In Nederland was het bruin dikkopje tot omstreeks 1920 een vrij algemene vlinder die vloog op veel van de zand-, löss- en kalkgronden. Tussen 1920 en 1930 verdween de soort op veel plaatsen, waarna de stand zich stabiliseerde. Omstreeks 1960 verslechterde de stand opnieuw en de laatste melding buiten het Mergelland dateert van 1973. Vanaf dan wordt de soort alleen nog op de kalkgraslanden van Zuid-Limburg gevonden. Na 1985 is hij nog maar op twee plaatsen gevonden: nabij Eys en nabij Colmont. Beide populaties zijn bijzonder klein en vaak worden niet meer dan 10 vlinders per jaar gezien. Recent heeft de soort zich gevestigd op de Sint-Pietersberg en in de groeve 't Rooth, waarmee hij vier populaties in Nederland heeft. Het bruin dikkopje is op dit moment een uiterst zeldzame standvlinder.
Op Europese schaal is het bruin dikkopje niet bedreigd. Over het algemeen is het voorkomen stabiel, hoewel uit negen van de 36 landen waar de soort voorkomt een achteruitgang wordt gemeld. De soort staat op de Waalse Rode Lijst en in Duitsland staat hij in de categorie bijna bedreigd. Voor Vlaanderen staat hij als verdwenen op de Rode Lijst, maar recent zijn er weer populaties langs het Albertkanaal.
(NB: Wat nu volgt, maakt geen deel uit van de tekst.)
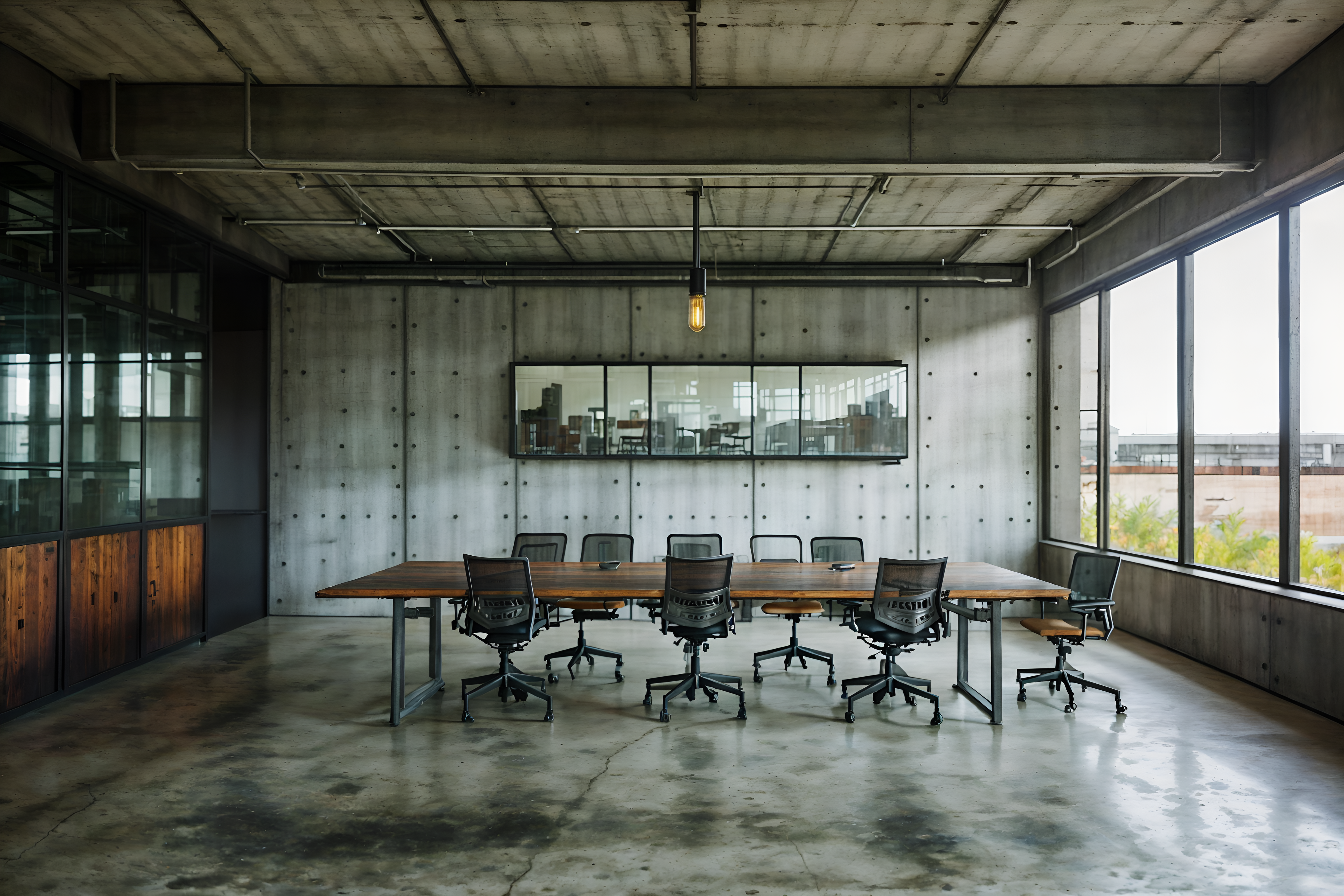 photo from pinterest of industrial-style interior designed (meeting room interior) with glass doors and office chairs and boardroom table and glass walls and cabinets and vase and plant and painting or photo on wall. . with exposed concrete and open floorplan and reclaimed wood and exposed rafters and utilitarian objects and raw aesthetic and factory style and metal panels. . cinematic photo, highly detailed, cinematic lighting, ultra-detailed, ultrarealistic, photorealism, 8k. trending on pinterest. industrial interior design style. masterpiece, cinematic light, ultrarealistic+, photorealistic+, 8k, raw photo, realistic, sharp focus on eyes, (symmetrical eyes), (intact eyes), hyperrealistic, highest quality, best quality, , highly detailed, masterpiece, best quality, extremely detailed 8k wallpaper, masterpiece, best quality, ultra-detailed, best shadow, detailed background, detailed face, detailed eyes, high contrast, best illumination, detailed face, dulux, caustic, dynamic angle, detailed glow. dramatic lighting. highly detailed, insanely detailed hair, symmetrical, intricate details, professionally retouched, 8k high definition. strong bokeh. award winning photo.

Het bruin dikkopje komt voor van Ierland tot China en van Midden-Scandinavië en Schotland tot Spanje en Italië. Europa vormt een belangrijk deel van het verspreidingsgebied.
Onderstaande diagrammen tonen de veranderingen van de talrijkheid in de loop van de tijd. De gegevens zijn afkomstig uit het Landelijk Meetnet Vlinders (CBS / De Vlinderstichting) en de Nationale Databank Flora en Fauna.
De resultaten uit het Landelijk Meetnet Vlinders voor het bruin dikkopje zijn te onzeker om daaruit conclusies te trekken.
Onderstaande kaartjes tonen de verspreiding binnen Nederland in vier perioden. Hoe groter en donkerder een stip, des te groter was de presentie van een soort in het desbetreffende uurhok (5x5 kilometerhok). Presentie geeft aan in welke mate een soort is over- of ondervertegenwoordigd ten opzichte van de (macronachtvlinder-)fauna als geheel. De berekeningen zijn gebaseerd op gegevens in de Nationale Databank Flora en Fauna.
Het bruin dikkopje kan zowel in droge als vochtige graslanden leven, als de vegetatie maar laag en open is. Voorbeelden zijn open schrale kruidenrijke graslanden in heiden of nabij bossen op zand- en kalkgrond. Tegenwoordig is de soort beperkt tot droog en schraal kalkgrasland op zuidhellingen, met een lage, kruidenrijke vegetatie en hier en daar met een kale bodem.
Waardplanten: gewone rolklaver; soms moerasrolklaver, bont kroonkruid of paardenhoefklaver.